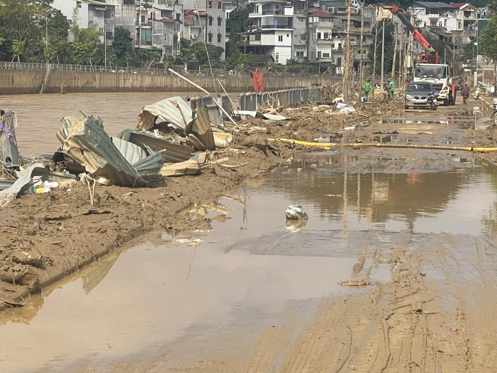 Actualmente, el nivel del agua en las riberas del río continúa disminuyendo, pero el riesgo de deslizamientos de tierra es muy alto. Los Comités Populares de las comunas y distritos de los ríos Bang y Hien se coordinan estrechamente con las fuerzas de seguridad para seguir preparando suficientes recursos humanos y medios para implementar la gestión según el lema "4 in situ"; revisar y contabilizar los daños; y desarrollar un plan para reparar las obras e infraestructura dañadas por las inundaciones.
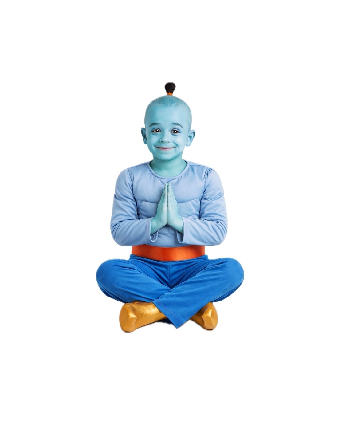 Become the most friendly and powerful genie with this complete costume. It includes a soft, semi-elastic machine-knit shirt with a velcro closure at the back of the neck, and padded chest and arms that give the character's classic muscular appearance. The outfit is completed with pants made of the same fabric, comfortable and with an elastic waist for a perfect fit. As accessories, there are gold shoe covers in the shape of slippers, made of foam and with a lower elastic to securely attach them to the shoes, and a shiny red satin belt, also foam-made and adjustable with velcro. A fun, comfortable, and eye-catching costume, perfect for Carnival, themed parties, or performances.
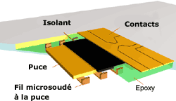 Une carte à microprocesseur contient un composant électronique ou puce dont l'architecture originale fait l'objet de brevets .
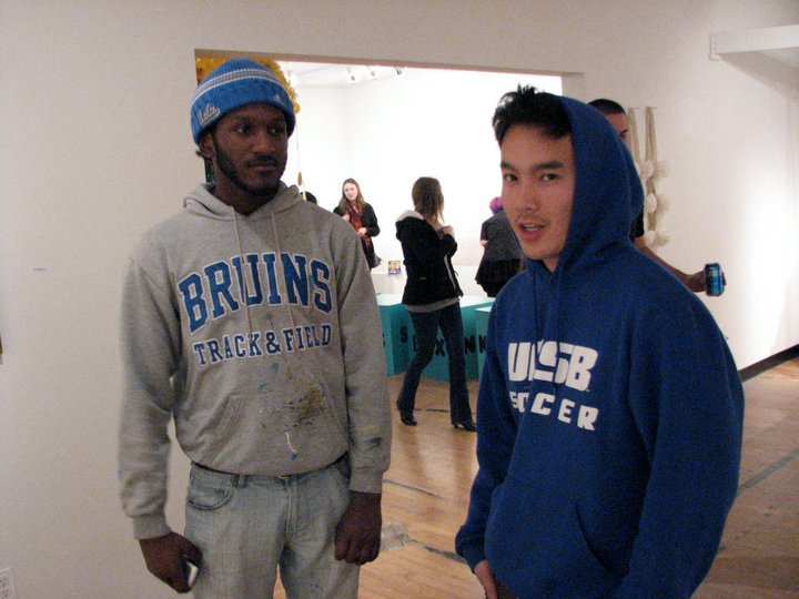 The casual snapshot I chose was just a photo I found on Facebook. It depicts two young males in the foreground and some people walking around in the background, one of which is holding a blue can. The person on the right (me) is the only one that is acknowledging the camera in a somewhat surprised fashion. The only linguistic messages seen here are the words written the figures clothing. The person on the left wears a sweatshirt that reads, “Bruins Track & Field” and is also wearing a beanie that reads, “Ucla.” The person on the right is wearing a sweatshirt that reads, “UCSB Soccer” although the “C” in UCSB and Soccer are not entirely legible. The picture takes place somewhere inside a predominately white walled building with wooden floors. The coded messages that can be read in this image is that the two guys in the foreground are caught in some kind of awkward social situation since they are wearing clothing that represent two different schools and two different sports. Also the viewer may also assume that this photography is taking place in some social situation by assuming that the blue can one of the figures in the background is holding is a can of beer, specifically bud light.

---

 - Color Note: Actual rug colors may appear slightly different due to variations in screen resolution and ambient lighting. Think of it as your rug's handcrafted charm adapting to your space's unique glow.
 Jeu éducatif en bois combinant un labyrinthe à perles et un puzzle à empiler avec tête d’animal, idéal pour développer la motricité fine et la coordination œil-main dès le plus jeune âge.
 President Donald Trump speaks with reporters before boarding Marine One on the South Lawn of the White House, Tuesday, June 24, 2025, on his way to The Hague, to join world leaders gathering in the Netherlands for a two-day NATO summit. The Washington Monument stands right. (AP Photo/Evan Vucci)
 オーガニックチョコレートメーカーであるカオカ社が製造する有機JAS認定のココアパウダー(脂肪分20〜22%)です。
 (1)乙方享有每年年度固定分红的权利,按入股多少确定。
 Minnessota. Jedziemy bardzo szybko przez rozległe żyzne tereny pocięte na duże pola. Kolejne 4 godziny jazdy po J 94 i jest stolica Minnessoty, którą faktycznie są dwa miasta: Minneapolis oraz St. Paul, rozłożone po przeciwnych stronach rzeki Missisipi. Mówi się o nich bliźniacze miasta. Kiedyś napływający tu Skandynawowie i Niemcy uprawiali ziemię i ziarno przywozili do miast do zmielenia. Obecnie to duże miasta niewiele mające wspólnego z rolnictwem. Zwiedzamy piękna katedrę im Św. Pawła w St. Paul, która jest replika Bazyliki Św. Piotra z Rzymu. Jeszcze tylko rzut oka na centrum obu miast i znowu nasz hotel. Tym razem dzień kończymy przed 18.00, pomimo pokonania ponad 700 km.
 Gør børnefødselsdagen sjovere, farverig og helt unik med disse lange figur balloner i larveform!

> Exercise brief
The required answer is the exact run of lines above starting at the line with "Jeu éducatif en" and ending at the line with "(1)乙方享有每年年度固定分红的权利,按入股多少确定。", with both ends present.

> Result of the task
 Jeu éducatif en bois combinant un labyrinthe à perles et un puzzle à empiler avec tête d’animal, idéal pour développer la motricité fine et la coordination œil-main dès le plus jeune âge.
 President Donald Trump speaks with reporters before boarding Marine One on the South Lawn of the White House, Tuesday, June 24, 2025, on his way to The Hague, to join world leaders gathering in the Netherlands for a two-day NATO summit. The Washington Monument stands right. (AP Photo/Evan Vucci)
 オーガニックチョコレートメーカーであるカオカ社が製造する有機JAS認定のココアパウダー(脂肪分20〜22%)です。
 (1)乙方享有每年年度固定分红的权利,按入股多少确定。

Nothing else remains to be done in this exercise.